MANGO: Learning Disentangled Image Transformation Manifolds with Grouped Operators
Brighton Ancelin, Yenho Chen, Peimeng Guan, Chiraag Kaushik, Belen Martin-Urcelay, Alex Saad-Falcon, Nakul Singh
TL;DR
MANGO tackles the challenge of learning semantically meaningful image transformations by enforcing disentanglement through grouped, block-diagonal operators that act on distinct latent subspaces. It introduces a one-phase training objective that jointly optimizes reconstruction and latent transformation consistency, enabling end-to-end learning and dramatically faster training (up to $100\times$ faster than prior MAE approaches and even up to $1500\times$ for certain settings). The approach yields composable, interpretable transformations that extrapolate beyond training data, with empirical evidence on MNIST showing improved disentanglement (higher MIG) and robust reconstruction. This framework offers a scalable, interpretable pathway for semantically meaningful transformation learning with practical impact for data augmentation and scientific visualization.
Abstract
Learning semantically meaningful image transformations (i.e. rotation, thickness, blur) directly from examples can be a challenging task. Recently, the Manifold Autoencoder (MAE) proposed using a set of Lie group operators to learn image transformations directly from examples. However, this approach has limitations, as the learned operators are not guaranteed to be disentangled and the training routine is prohibitively expensive when scaling up the model.

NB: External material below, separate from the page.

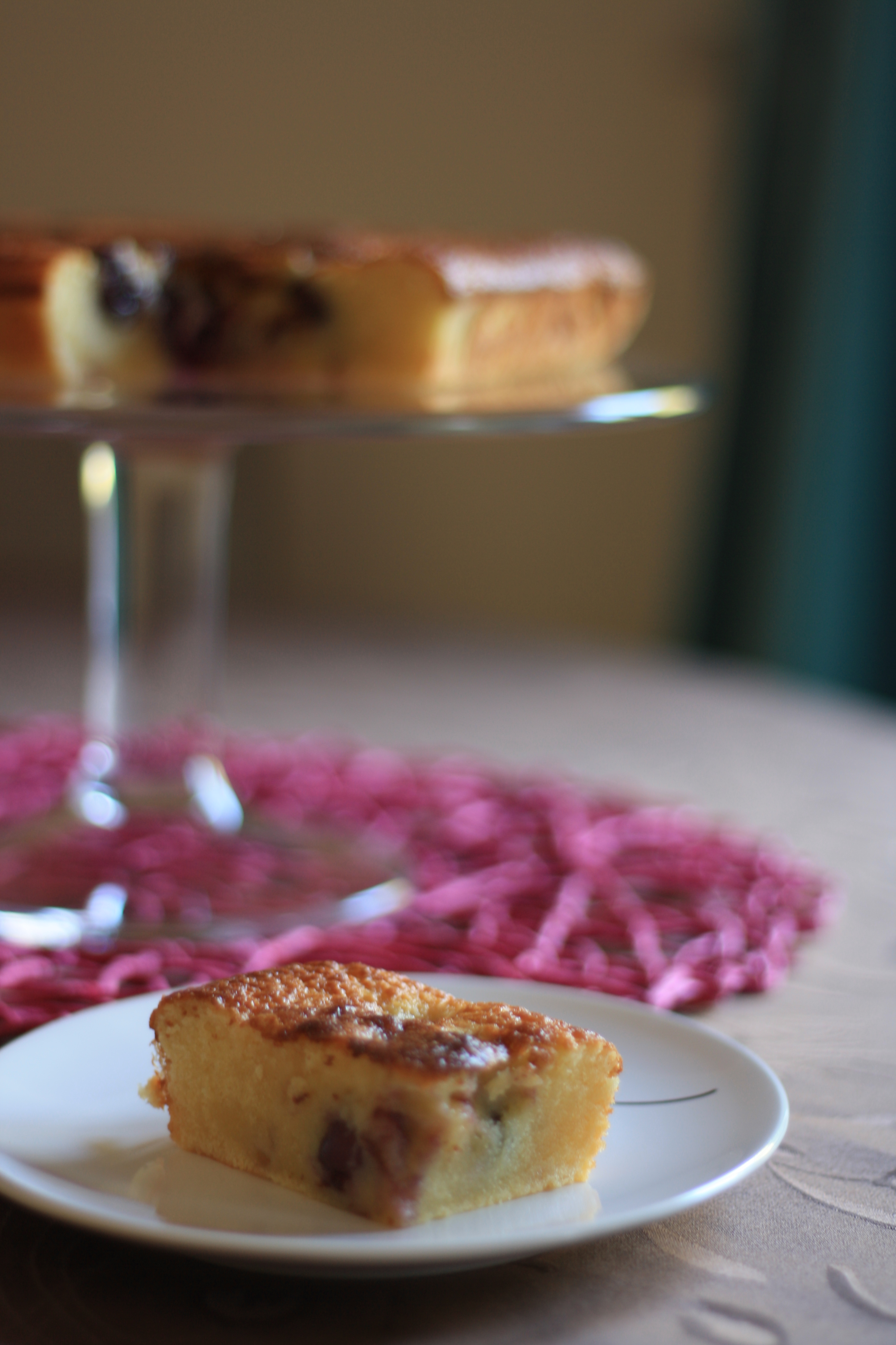 Añadimos las cerezas y mezclamos bien. Vertemos en el molde y horneamos a 180ºC durante unos 15 minutos.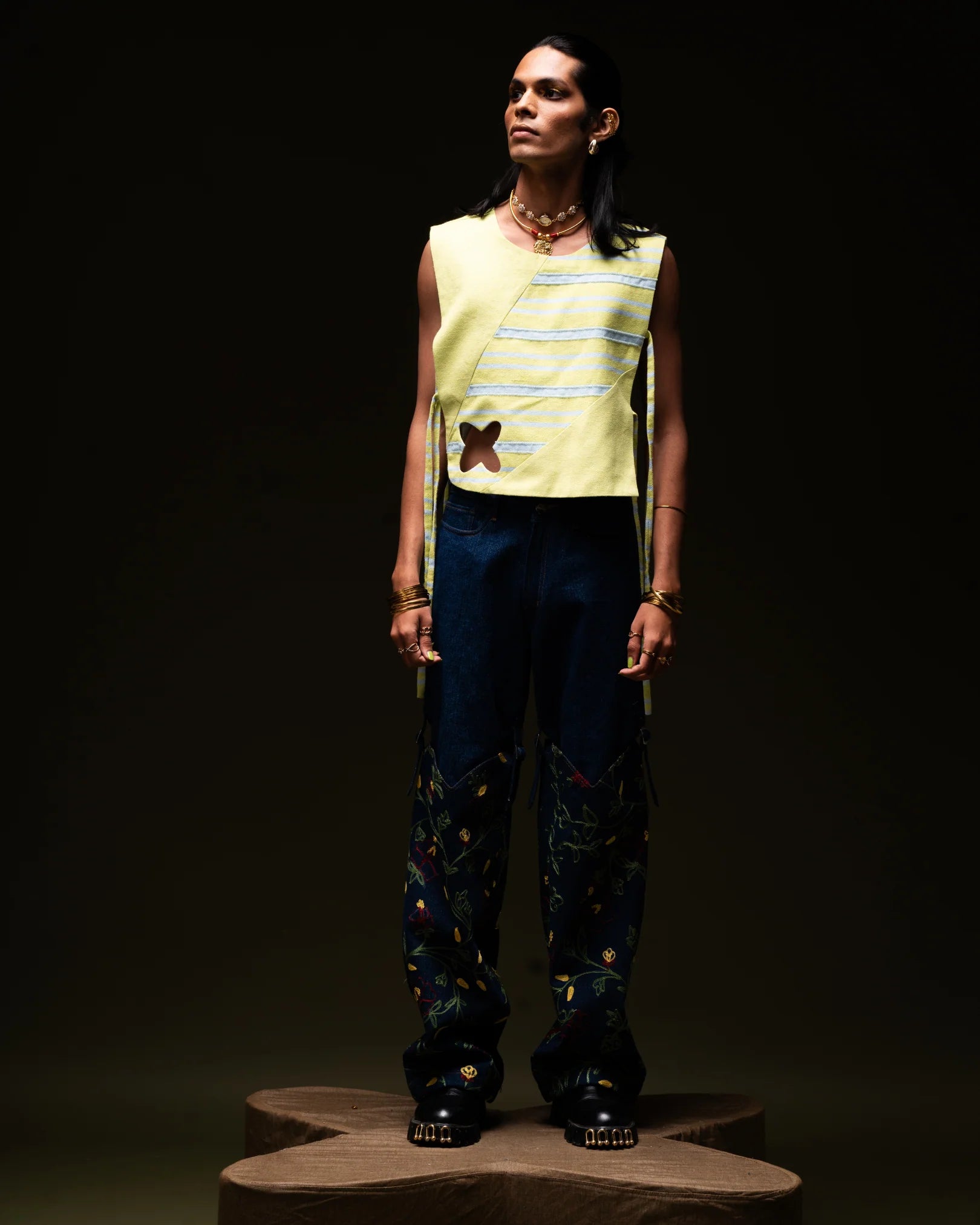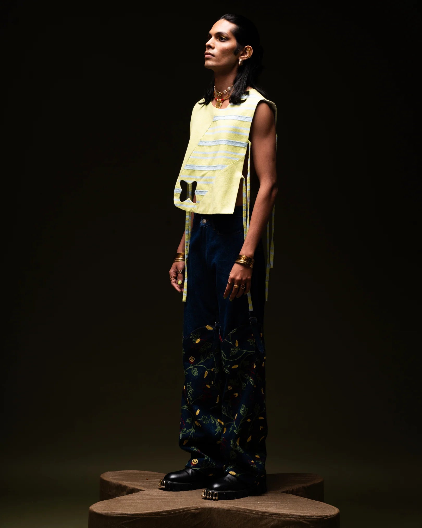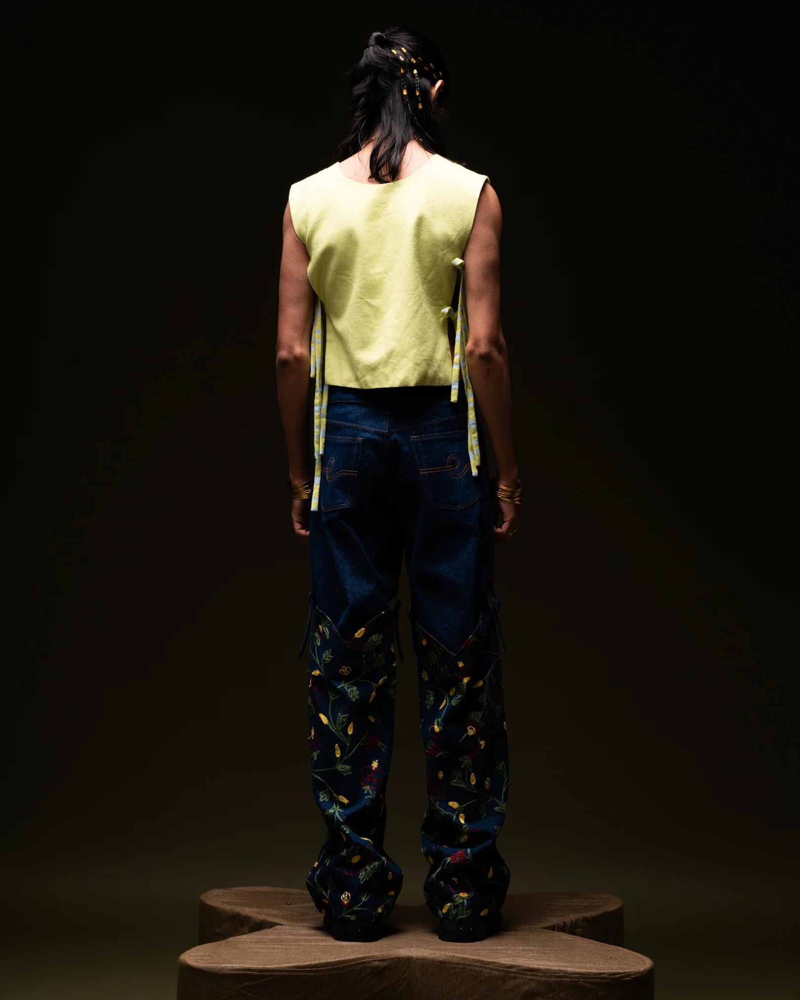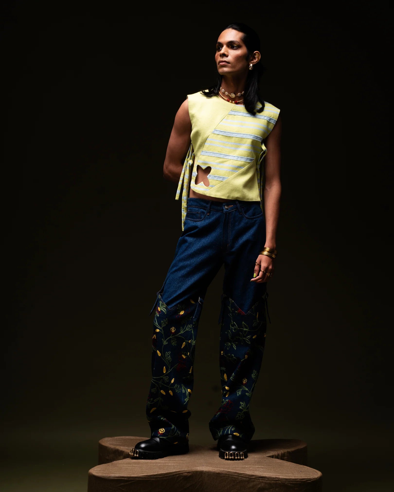 Far Away are blue denim pants with cowboy-stitched cuffs and layered construction. These high-rise jeans feature five-pocket styling, embroidered panels at the cuffs, and darted back pockets for added detail. A Jamakkalam logo patch on the back waistband completes the look. Want to switch things up? Try turning them into shorts for a versatile, stylish option.

To address these limitations, we propose MANGO (transformation Manifolds with Grouped Operators) for learning disentangled operators that describe image transformations in distinct latent subspaces. Moreover, our approach allows practitioners the ability to define which transformations they aim to model, thus improving the semantic meaning of the learned operators. Through our experiments, we demonstrate that MANGO enables composition of image transformations and introduces a one-phase training routine that leads to a 100x speedup over prior works.